2. Using fail-fast: true (the default) on the browser matrix. With fail-fast on, the first engine to fail cancels the others, so a Chromium failure hides whether Firefox and WebKit also regressed. You lose exactly the cross-engine signal the matrix exists to provide. Set fail-fast: false on any matrix whose legs you want to compare.

3. Regenerating baselines inside the pull-request job. Running npx playwright test --update-snapshots in CI makes the runner compare each screenshot against one it just captured, so the diff is always zero and the gate passes on everything. Baselines must be committed and reviewed; the PR job only ever reads them. See baseline management.

4. Caching node_modules directly instead of ~/.npm. A restored node_modules can contain platform-specific binaries built for a different runner image, producing cryptic native-module errors. Cache the npm download cache (~/.npm, which cache: 'npm' handles) and let npm ci rebuild node_modules from it.

5. Forgetting --with-deps on playwright install. On a fresh Ubuntu runner the browsers need system libraries (fonts, GTK, audio) that are not preinstalled. Omitting --with-deps yields a browser that launches locally but crashes in CI with a missing-shared-library error. Always install with --with-deps unless you are using the preinstalled Playwright Docker image.


Integration point

This workflow is one platform’s expression of the pipeline the parent CI/CD test gating guide describes; the same stages appear on GitLab CI and Bitbucket Pipelines with different caching syntax. The gate job here is only as good as the failure thresholds that decide when the visual step fails and the required status check that makes it binding. As the suite grows past the point where a single runner finishes quickly, split the visual job with test parallelization and sharding, which slots directly into the matrix shown in Step 5.

Two detail pages go deeper on the trickiest parts of this workflow: gating visual regression tests in GitHub Actions for the failure-and-artifact mechanics of the visual leg, and caching Playwright browsers in GitHub Actions for a cache key that busts correctly on Playwright upgrades.


FAQ

Should I use npm ci or npm install in GitHub Actions?
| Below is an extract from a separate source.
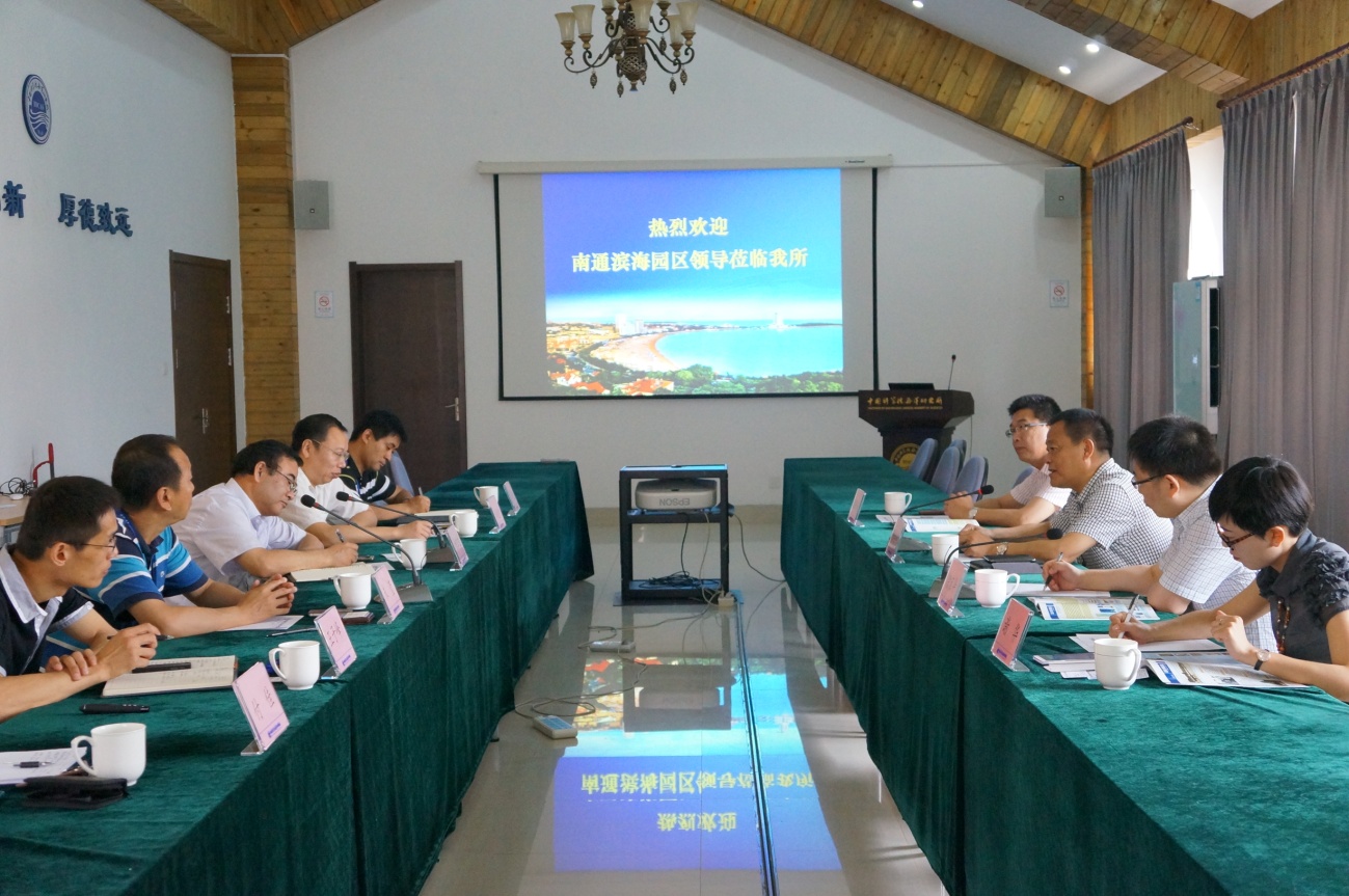 7月12日,江苏省南通市滨海园区管委会副主任顾学军一行4人到中科院海洋研究所调研,副所长杨红生、所长助理李超伦以及科研处、船舶运管中心相关人员参加了座谈。

Use npm ci. It installs exactly the tree described by package-lock.json, fails immediately if the lockfile and package.json have drifted apart, and is faster because it skips dependency resolution entirely. npm install can silently rewrite the lockfile mid-run, so two runners can end up with different dependency trees and therefore different test results — the opposite of what a deterministic gate needs.

Why cache ~/.cache/ms-playwright separately from node_modules?

Because the two are populated by different commands. npm ci installs the @playwright/test npm package but not the browser binaries; those are hundreds of megabytes fetched later by playwright install. If you only cache the npm layer, every run still pays the two-to-three-minute browser download. A separate cache on ~/.cache/ms-playwright, keyed on the Playwright version, skips that download while still refetching when you upgrade. The keying strategy is detailed in caching Playwright browsers in GitHub Actions.

How do I require a matrix job as a single status check?

Do not require the matrix legs directly — their names (visual (webkit)) are generated from the matrix and change whenever you edit it, which silently stops the gate. Instead add one aggregate gate job with needs on every leg and if: always(), so it runs even after a failure and fails if any leg failed. Require that single, stably-named job in branch protection. The full branch-protection walkthrough is in making visual review a required status check.

Where do Playwright diff images go when a CI run fails?

Playwright writes the expected, actual, and diff PNGs into test-results/ and a browsable HTML report into playwright-report/. Neither survives the ephemeral runner unless you upload it, so add an actions/upload-artifact step guarded by if: failure() that uploads both directories. Reviewers then download the artifact and open the report to see the side-by-side diff without reproducing the failure locally.